Background: WebAssembly Storage Locations

(Feel free to skip to the "Proposal", especially if you are somewhat familiar with Wasm, I'll try to restate the problems in terms of Rust semantics there).

Most Rust targets store all data in a single address space (with some using a separate instruction address space for function pointers). Wasm is more complicated, with several additional storage locations:

  • Linear Memory: This is what we conventionally think of as "memory" or "RAM": A sequence of bytes that can be read from or written to. This is where data on the Rust-heap and the Rust-stack is stored. Rust pointers and references are essentially integers representing an offset into linear memory. This is represented as addrspace(0) in LLVM.

  • Wasm locals (or Wasm-stack): Wasm values are either primitive numeric types, or opaque references. Wasm functions can declare (mutable) local variables that are "usable as virtual registers", and load/store Wasm values to/from them. Function parameters are considered a special case of local variable.

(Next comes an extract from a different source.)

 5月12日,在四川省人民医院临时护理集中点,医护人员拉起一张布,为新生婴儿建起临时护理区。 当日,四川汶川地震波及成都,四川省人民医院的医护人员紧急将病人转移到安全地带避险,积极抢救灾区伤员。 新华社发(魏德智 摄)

    Wasm values can also be pushed/popped to/from an "operand stack", to be consumed by further instructions.

    Primitive Wasm values may be loaded/stored to/from linear memory.

    It is not possible to create (Rust) pointers (or references) to Wasm locals. It is not possible to store opaque Wasm references in linear memory.

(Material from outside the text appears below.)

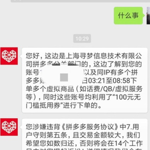 一名参与“薅羊毛”的网友表示,拼多多客服已与其取得联系,称其夜间下单多个虚拟商品,均使用了“100元无门槛抵用券”,这种行为涉嫌违背《拼多多服务协议》且金额较大,希望如数归还,否则将在14个工作日内提起诉讼。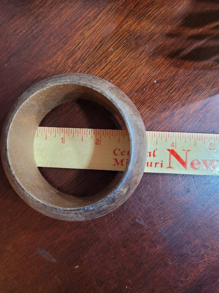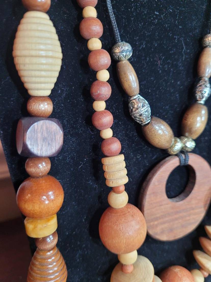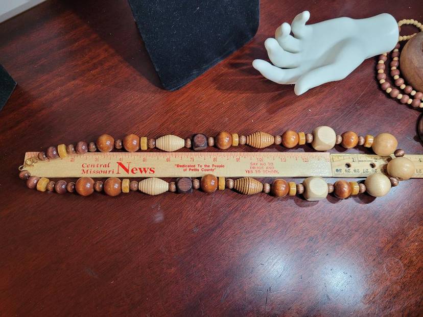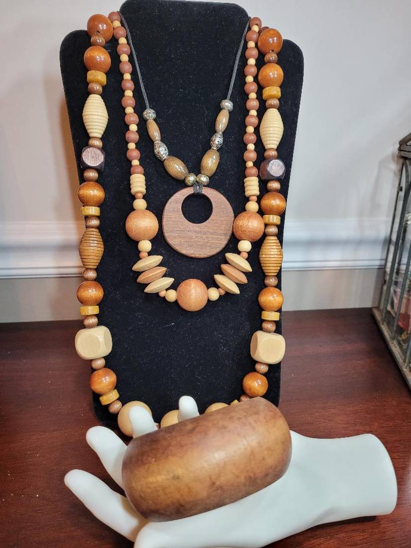 I have for sale a set of three wooden beaded necklaces and one wooden and gold accent bracelet. The bracelet is a solid 3 inch diameter and could use a good wood oil treatment. But it is solid. The first necklace is on a black cord with silver accent beads with dark wood beads leading to a dark wood pendant. It is 16 inches long and has a lobster claw clasp. The second necklace is a combination of light and dark wood beads and a variety of sizes. It is 22 inches long with a gold tone barrel clasp. The last necklace is a mix of light and dark and medium tone wooden beads that is 32 inches long with a gold tone spring load clasp. This one has a great SHINE to it. All these are in good condition. GREAT little collection.

  • Wasm-heap: The Wasm-heap is entirely separate from Linear memory. The Wasm runtime manages the lifetime of objects on the Wasm-heap. Objects on the Wasm-heap can only be accessed via opaque references.

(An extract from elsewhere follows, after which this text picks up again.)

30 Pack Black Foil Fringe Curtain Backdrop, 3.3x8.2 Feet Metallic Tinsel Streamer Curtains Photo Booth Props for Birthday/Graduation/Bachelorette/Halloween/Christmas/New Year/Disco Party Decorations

    LLVM currently has support for:

    • funcref: (Untyped, nullable) references to functions, represented as pointers in addrspace(20).

      Note that rustc currently generates function pointers in addrspace(0) (because it needs to support storing them in linear memory). They are represented by LLVM as an integer (similar to non-function references).

    • externref: (Untyped, nullable) references to objects (with an unknown layout), represented as pointers in addrspace(10).

    The Wasm spec is currently evolving to support more heap types:

    • All references to heap types will support being declared as either nullable or non-null.
    • References may be typed, i.e. they can be restricted to functions with specific signatures or specific imported extern types.
    • New heap types may be defined, by essentially describing their layout in terms of other Wasm types.
  • Tables: The fact that references to Wasm heap types cannot be stored in linear memory is quite restrictive. To work around this, Wasm has tables. Wasm references can be written to tables at specific indices, and then later read back from those indices.

    Tables are typed, they only store specific reference types. A Wasm module may define an arbitrary number of tables. For all instructions, the table to operate on is a compile time constant.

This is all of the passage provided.